EXERCISE DETAILS =
The answer is the full listing restated exactly, without any pictures.

DATASET CONTENT =
-----

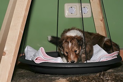 Im Internet wurden wir fündig: Eine Welpenschaukel - schnell
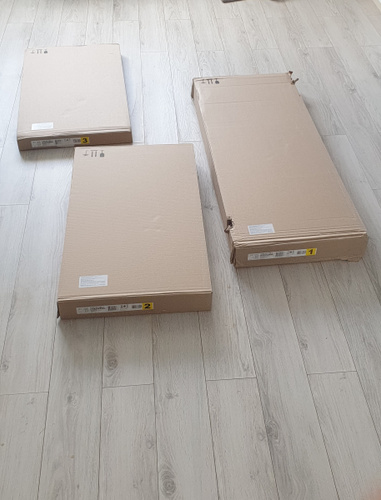 пришло в трех коробках. коробка с повреждениями, но внутри упаковано отлично. некоторые детали с повреждениями. так же некоторые царапины заклеены, видимо экономят на отбраковке. боковая стенка с трещиной на внешней стороне, но возвращать не стал, так как у меня она к стенке. так как было внутри хорошо упаковано, явно повредили не при транспортировке... Читать полностью
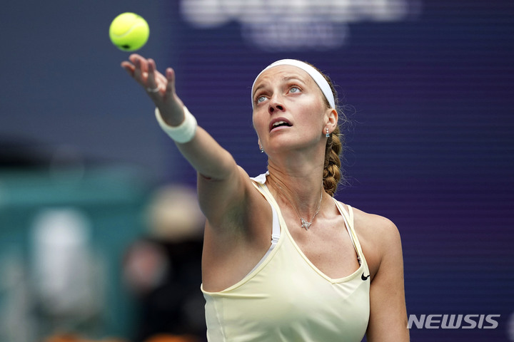 [마이애미=AP/뉴시스] 페트라 크비토바(12위·체코)가 지난달 31일(현지시간) 미 플로리다주 마이애미 가든스에서 열린 여자프로테니스(WTA) 투어 마이애미오픈 단식 준결승전에서 소라나 크르스테아(74위·루마니아)와 경기하고 있다. 크비토바가 2-0(7-5 6-4)으로 승리하고 결승에 올라 엘레나 리바키나(7위·카자흐스탄)와 우승을 다툰다. 2023.04.01.
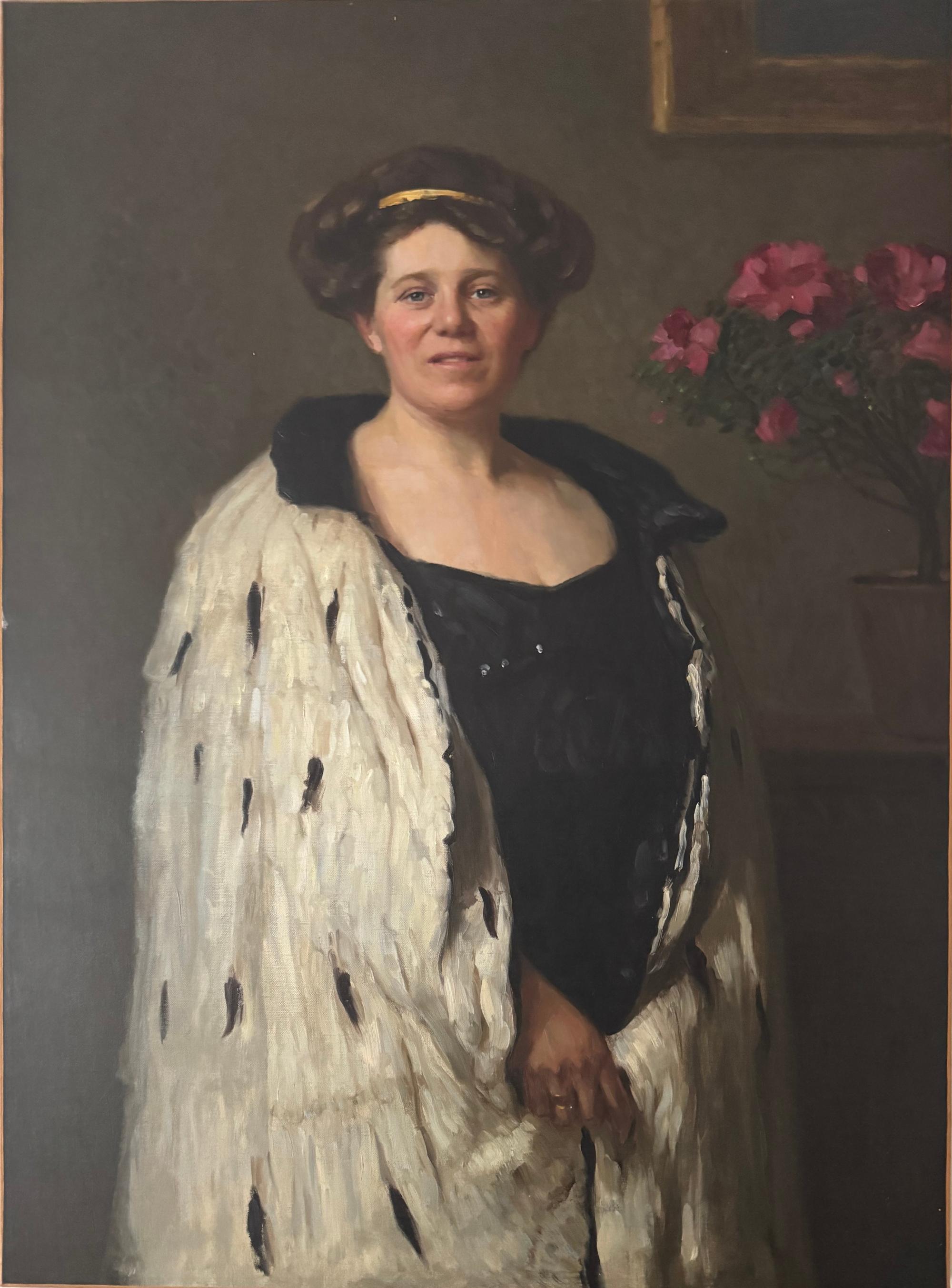 The portrait, which is dated to around 1908-1910 based on family photographs of the subject, is not signed or dated, but is attributed to John Quincy Adams based on stylistic features and archival references. An unspecified color photograph of the painting has been preserved in the Adams file in the Künstlerhaus archive (and has been recorded previously in this catalogue under the number P_0_410), and was therefore attributed to the artist by the archivist. There is also a reference to an Adams portrait of Fanny Mondschein and its location in the USA in the written estate of Harriet Walderdorff (the artist's daughter) preserved in the Künstlerhaus archive. However, an unsigned Adams portrait is extremely rare. It is possible that the signature was removed due to damage during the restoration of the painting in the USA (it was mounted on a new stretcher frame and the damaged areas were retouched). However, it is also quite possible that Adams did not sign the painting, contrary to his usual practice. The reason for this would probably be the ermine cape depicted, which in the portrait canon of the time was reserved as a distinguishing feature for ruling dynasties. In 1908, Adams made his breakthrough as a portrait painter with his portrait of Prince Johann II of Liechtenstein, which was soon followed by numerous commissions from the high aristocracy and the German and Austrian imperial families. Adams' aristocratic clientele would certainly have found the depiction of a bourgeois furrier's daughter in ermine both inappropriate and presumptuous. An unsigned portrait would therefore not have compromised the aspiring artist or jeopardized his social advancement [the editor].

-----

WRITTEN RESPONSE =
 Im Internet wurden wir fündig: Eine Welpenschaukel - schnell
 пришло в трех коробках. коробка с повреждениями, но внутри упаковано отлично. некоторые детали с повреждениями. так же некоторые царапины заклеены, видимо экономят на отбраковке. боковая стенка с трещиной на внешней стороне, но возвращать не стал, так как у меня она к стенке. так как было внутри хорошо упаковано, явно повредили не при транспортировке... Читать полностью
 [마이애미=AP/뉴시스] 페트라 크비토바(12위·체코)가 지난달 31일(현지시간) 미 플로리다주 마이애미 가든스에서 열린 여자프로테니스(WTA) 투어 마이애미오픈 단식 준결승전에서 소라나 크르스테아(74위·루마니아)와 경기하고 있다. 크비토바가 2-0(7-5 6-4)으로 승리하고 결승에 올라 엘레나 리바키나(7위·카자흐스탄)와 우승을 다툰다. 2023.04.01.
 The portrait, which is dated to around 1908-1910 based on family photographs of the subject, is not signed or dated, but is attributed to John Quincy Adams based on stylistic features and archival references. An unspecified color photograph of the painting has been preserved in the Adams file in the Künstlerhaus archive (and has been recorded previously in this catalogue under the number P_0_410), and was therefore attributed to the artist by the archivist. There is also a reference to an Adams portrait of Fanny Mondschein and its location in the USA in the written estate of Harriet Walderdorff (the artist's daughter) preserved in the Künstlerhaus archive. However, an unsigned Adams portrait is extremely rare. It is possible that the signature was removed due to damage during the restoration of the painting in the USA (it was mounted on a new stretcher frame and the damaged areas were retouched). However, it is also quite possible that Adams did not sign the painting, contrary to his usual practice. The reason for this would probably be the ermine cape depicted, which in the portrait canon of the time was reserved as a distinguishing feature for ruling dynasties. In 1908, Adams made his breakthrough as a portrait painter with his portrait of Prince Johann II of Liechtenstein, which was soon followed by numerous commissions from the high aristocracy and the German and Austrian imperial families. Adams' aristocratic clientele would certainly have found the depiction of a bourgeois furrier's daughter in ermine both inappropriate and presumptuous. An unsigned portrait would therefore not have compromised the aspiring artist or jeopardized his social advancement [the editor].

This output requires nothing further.